For several reasons, First Five Years will receive, and deserves, a broad readership.  Five features of the book stand out. The first is the consistently superior quality of an exceedingly ambitious project.  The book includes 27 essays authored by a total of 41 authors.  In many instances, an undertaking of this scale suffers from unevenness in quality across the contributions.   Reasonable expectations might lead a publisher to be pleased if half of the papers are superb, the rest are merely average, and only a handful are entirely forgettable.  Through the skill and effort of its editors, Adrian Emch and David Stallibrass, First Five Years performs extremely well from the first essay through the last.  This is a formidable achievement.

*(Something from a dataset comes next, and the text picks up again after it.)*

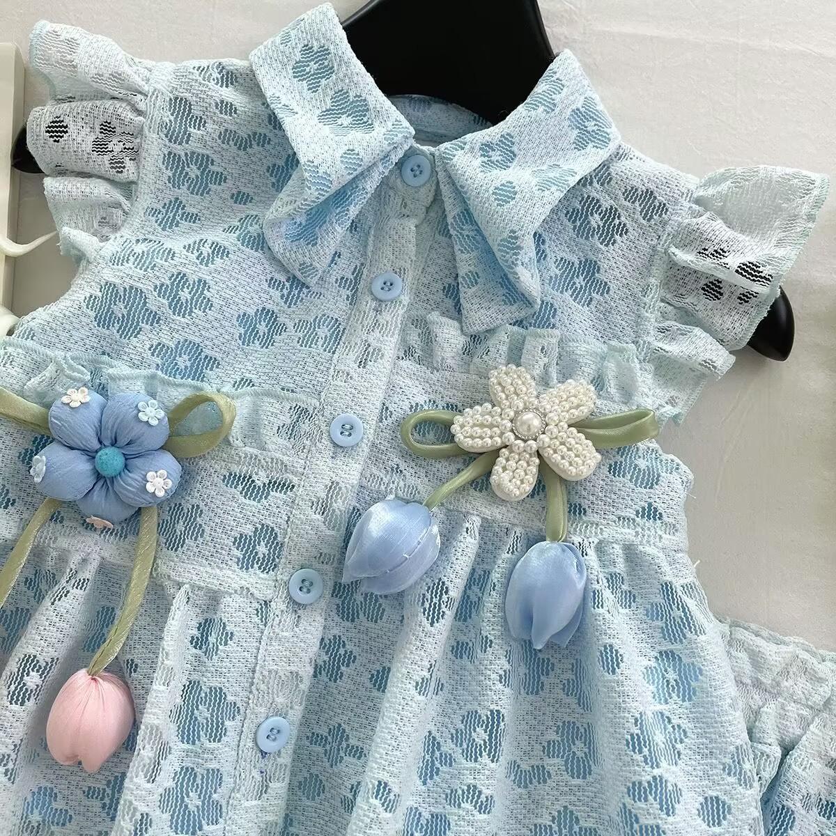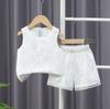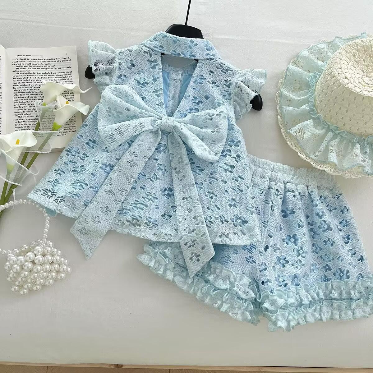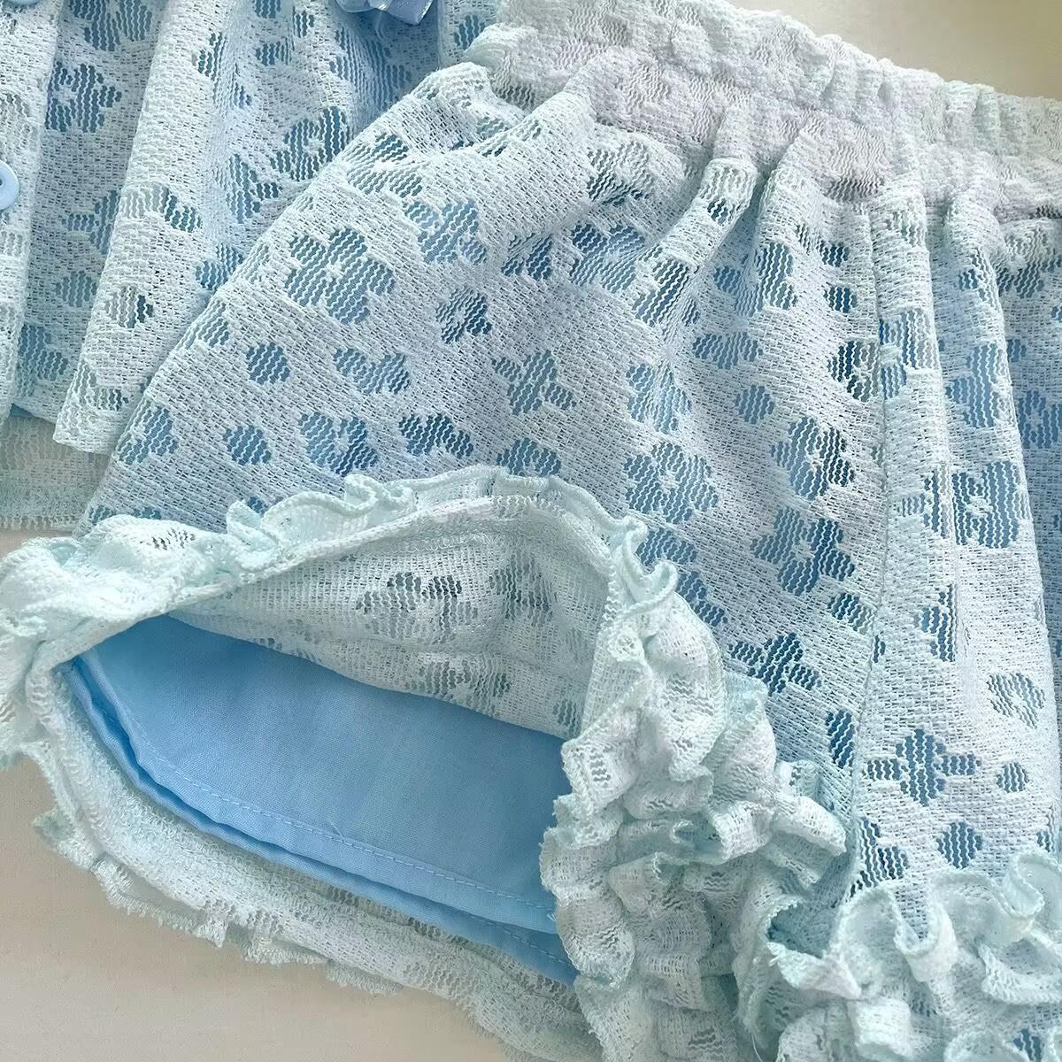 Traje de Verano para Niñas 2025 Nuevo Top Chaleco de Encaje con Flores Shorts de Encaje Bebé Niña Princesa Conjunto de Dos Piezas

The perspectives in each chapter typically are candid, fresh, and insightful.  The extensive participation of Chinese authors, either writing their own chapters or collaborating with foreign specialists, ensures that the essays accurately portray China’s AML system’s broad conceptual architecture and its technical details.  Foreign competition law experience is related in a manner that  is meaningful to the Chinese context.

A second impressive contribution is the book’s examination of the institutional foundations of the Chinese competition law system.  The first four chapters of the book are rich in history and political science, and they are worth the price of admission, alone.   Huang Jong and Richean Zhiyan Li describe how the fragmentation of enforcement power among MOFCOM, NDRC, and SAIC have impeded the development of a “coherent antitrust policy.[3] Hao Qian sets out the antecedents of the AML and explains why China chose to distribute enforcement authority among three agencies.[4]  Wendy Ng considers the aims that appear to have guided public enforcement against the backdrop of goals – a diverse array of objectives featuring some fundamental internal contradictions – that motivated the AML’s adoption.[5]   Deng Fei and Gregory Leonard study how China’s economic conditions inform the AML’s application.[6]  As a group, these introductory chapters supply necessary and enlightening context for understanding the AML’s current, and they set a valuable foundation for seeing how the Chinese system might evolve in the future.

A third noteworthy element of First Five Years is its insightful treatment of important developments in doctrine and policy.  The examination of traditional enforcement focal points typically goes beyond a mere recital of activity and present informative interpretations of actions or omissions in the public enforcement program.  Good examples include the chapters on refusals to deal (and the lack of effort to date to apply this concept to expand competition in sectors controlled by state-owned enterprises);[7] vertical restraints;[8] supplier cartels and information exchanges among rivals;[9] dominant firm pricing strategies having exclusionary or exploitative effects;[10] and merger control and the treatment of joint ventures.[11]  The book’s treatment of these subjects is remarkably current, given the lag the inevitably occurs between the completion and publication of manuscripts.